Whenever he tried at the graveside to summon up a thought appropriate to the occasion, he would remember the story his grandmother had told him about his mother and the fish. Of all her stories — standard inspirational stories about how clever Doris had been in school and how helpful she'd been around the house and how she'd loved as a child to sit at the cash register in the store ringing up the sales, just the way he did when he was small — this was the one that had lodged in his mind. The unforgotten event occurred on a spring afternoon long before her death and his birth, when, to prepare for Passover, his grandmother would walk up Avon Avenue to the fish store to choose two live carp from the fishmonger's tank and bring them home in a pail and keep them alive in the tin tub that the family used for taking baths.
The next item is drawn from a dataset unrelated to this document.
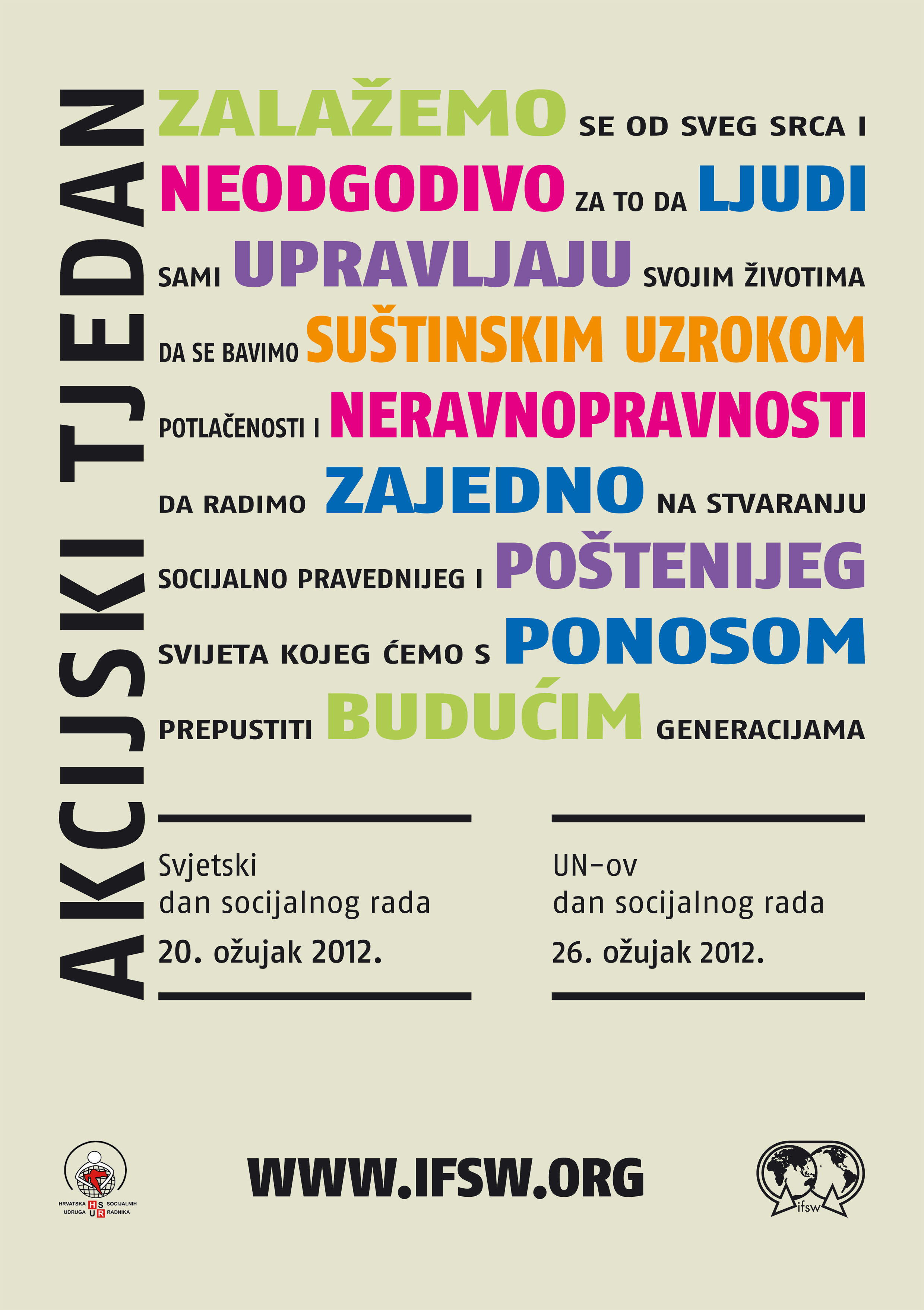 Hrvatska udruga socijalnih radnika (HUSR) je kao članica Međunarodne organizacije socijalnih radnika (IFSW) obilježila Svjetski akcijski tjedan socijalnog rada koji je započeo 20. ožujka Svjetskim danom socijalnog rada i završio 26. ožujka 2012. godine Danom socijalnog rada Ujedinjenih naroda.
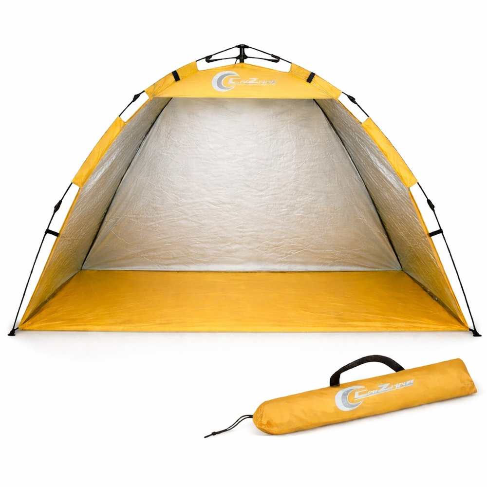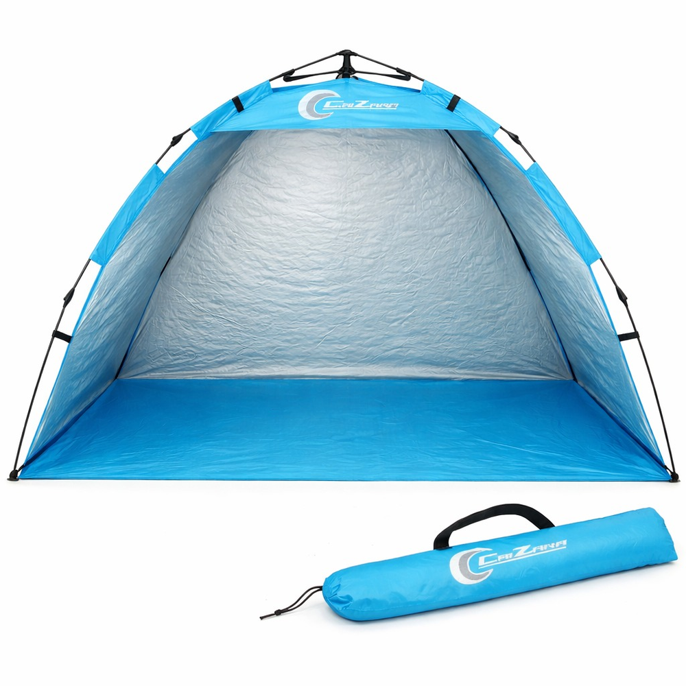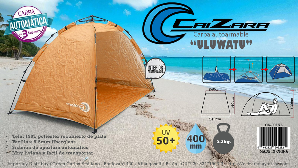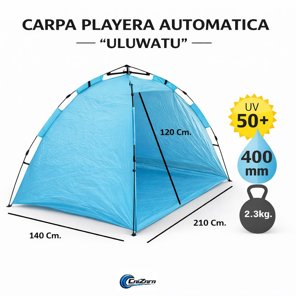 Características del Producto Armado Automático en 3 Segundos: Simplifica tus jornadas, ¡monta tu carpa en un instante! Capacidad: Espacio para hasta 4 personas, perfecta para compartir con familia y amigos. Medidas: Abierta: 210 cm x 140 cm x 126 cm Cerrada: 90 cm x 15 cm Material Resistente: Confeccionada en poliéster 190T, impermeable hasta 400mm, asegurando que te mantendrás seco en todo momento. Protección UV +50: Su diseño aluminizado proporciona la protección necesaria contra los dañinos rayos solares. Estructura Duradera: Varillas de fibra de vidrio de 69mm/85mm que garantizan estabilidad y resistencia. Color Atractivo: Disponible en un fresco tono celeste que destaca en la playa. Transporte Sencillo: Incluye una práctica funda de transporte para facilitar su traslado. Dimensiones y Peso Peso: Solo 2.3 kg, liviana y fácil de manejar. La Carpa Playera Automática Aluminizada Caizara es la opción ideal para disfrutar del verano en la playa. No dejes pasar la oportunidad de tenerla y asegúrate de disfrutar de tus días al aire libre con la mejor protección.

She'd fill the tub with water and leave the fish there until it was time to chop off their heads and tails, scale them, and cook them to make gefilte fish. One day when Mr. Cantor's mother was five years old, she'd come bounding up the stairs from kindergarten, found the fish swimming in the tin tub, and after quickly removing her clothes, got into the tub to play with them. His grandmother found her there when she came up from the store to fix her an after-school snack. They never told his grandfather what the child had done for fear that he might punish her for it. Even when the little boy was told about the fish by his grandmother — he was then himself in kindergarten — he was cautioned to keep the story a secret so as not to upset his grandfather, who, in the first years after his cherished daughter's death, was able to deflect the anguish of losing her only by never speaking of her.